Data provided below:

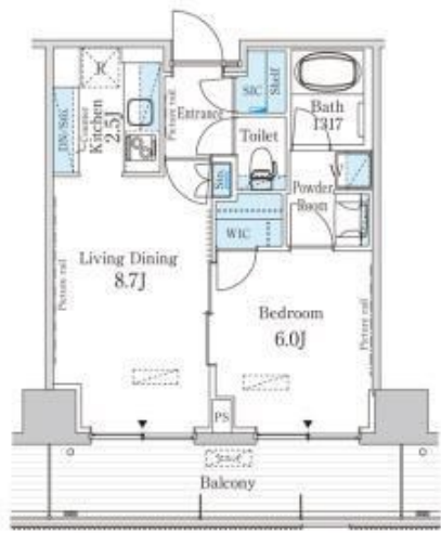
※バルコニーのガラス手摺、物干金物、壁の位置は住戸により異なります。 ※一部お部屋は、反転タイプとなります。
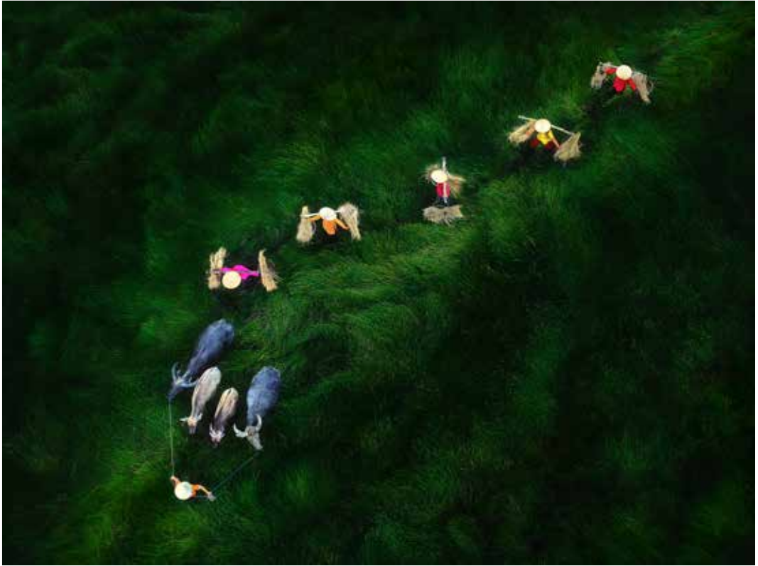
入乙 聶明忠 | 綠野鄉情

空拍的作品，的確有不同的視覺美感表現，此作缺少了沙龍創作的張力，投龍者應注入創作的理念與技巧的表現，才能得到更好的成績，加油！
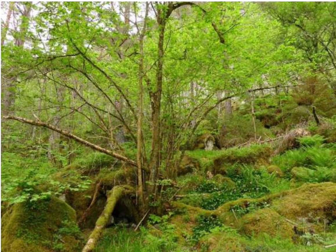
Figur 4.22. Frodige og artsrike hasselkratt på vestsida av Gausneset, i ein fuktig furu-hasselskog.
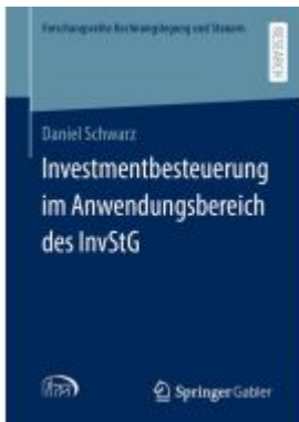
Investmentbesteuerung im Anwendungsbereich des InvStG Ladenpreis: 113,07EUR
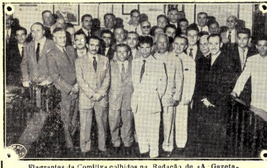
Flagrantes da Comitiva colhidos na Redação de «A Gazeta».

Reportagem de Manoel Alves Barbosa. Para «O Cachoeirense»
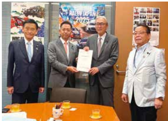
7月22日 各会議や要望会

ディに実行していきます。高齢世代から現役世代、そして将来を担う世代、全ての世代に対する責任、防災・減災対策の強化、次世代産業・地場産業の育成など、ひょうご五国の多様性を活かしながら、安全・安心で活力あふれる地域づくりを加速していくことが必要です。
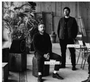
All rights reserved

Des projets marqués Une table en chêne et acier leur vendent chez Merci . Un deuxième projet : la boutique Aesop rue Vieille-du-Temple. Puis la boutique Isabel Marant qui entraîne l'agence à l'international avec une posture délicate dans une collaboration classique entre un architecte et un constructeur. Puis Paulin , une boulangerie logements à Lago-Cap-Ferrat. Le bâtiment présente une structure en béton banché et bois massif avec un bardage en panneaux de Douglas traité. Ce souci du matériau, encore, et du détail : « Nous avons travaillé sur le bâtiment jusqu'à l'intérieur de l'agence. Le projet total ». Le Gradium , un grand magasin incarné à Havre-Caumartin, à Paris. Confrontement au goût du manager du lieu, un studio de radio a été aménagé à l'intérieur, qui ressemble alors à un DJ Booth.
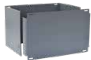
lange Seite offen, Frontplatte überlappt
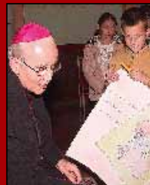
Az Eucharisztia sugara
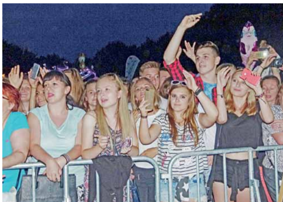
Publiczność na koncercie Kamila Bednarka. To dla niego na Święto Miasta ściągnęły tłumy.

Na każdym z kilkunastu stanowisk naukowych można było doświadczyć czegoś wyjątkowego.
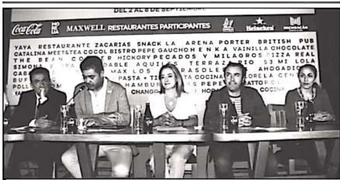
FUNCIONARIOS Y LÍDERES DEL SECTOR RESTAURANTERO DEBEN A CONOCER LOS PORVENIDORES DE FESTIVAL DE ALIMENTOS Y BEBIDAS EN LA CAPITAL.
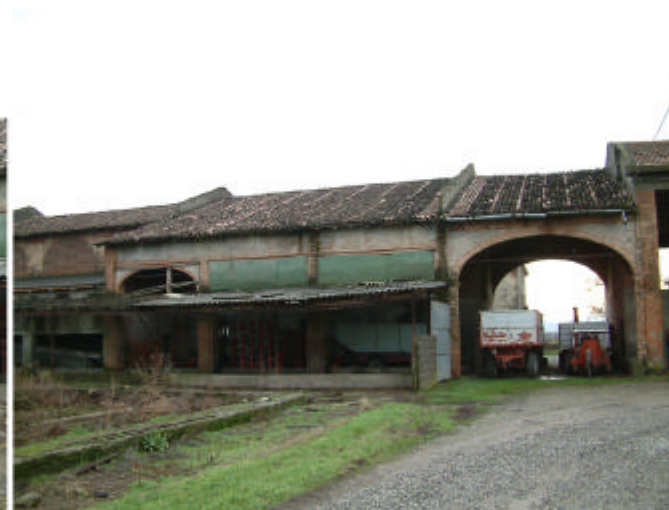
5. Edificio 2, parti 2b e 2c. Fronte nord.
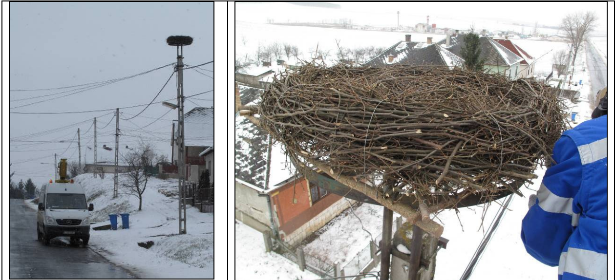
14-15. kép: Műfészkek felhelyezése fészektartóra (Homrogd).

Kossuth u. 9.: műfészkek felhelyezése üres tartóra (2013. 03. 27.).
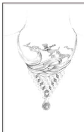
法人会会長特別賞 「かわせみ」
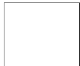
Kontrollstempel 4 (Ziel)

Ab drei Kontrollstempel gilt dieser Abschnitt als GUTSCHEIN FÜR EIN GETRÄNK !
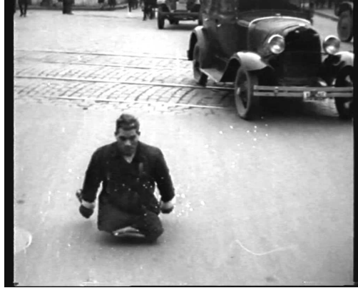
Ил. 5. В этой сцене фактически отсутствует драматургия, режиссер упивается организацией движения (кадр из фильма «Миллион двести тысяч»).

Вскрывая души машин, влюбляя рабочего в станок, влюбляя крестьянина в трактор, машиниста в паровоз, мы вносим творческую радость в каждый механический труд, мы родним людей с машинами, мы воспитываем новых людей, Новый человек, освобожденный от грузности и неуклюжести, с точными и легкими движениями машины, будет благодарным объектом кино съемки. Развинченными нервам кинематографии нужна суровая система точных движений.
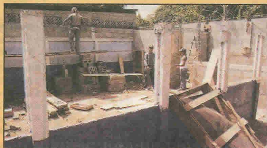
► La nueva escolita tendrá tres aulas, un comedor y una cocina.
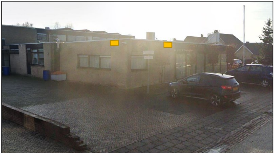
Figuur 3. Locaties van de tijdelijke voorzieningen voor huismus aan het nabijgelegen dorpshuis.

End of Data provided.

**What the task asks:**
For each line above that includes "felhelyezése", make a copy.

**Output for this task:**
14-15. kép: Műfészkek felhelyezése fészektartóra (Homrogd).
Kossuth u. 9.: műfészkek felhelyezése üres tartóra (2013. 03. 27.).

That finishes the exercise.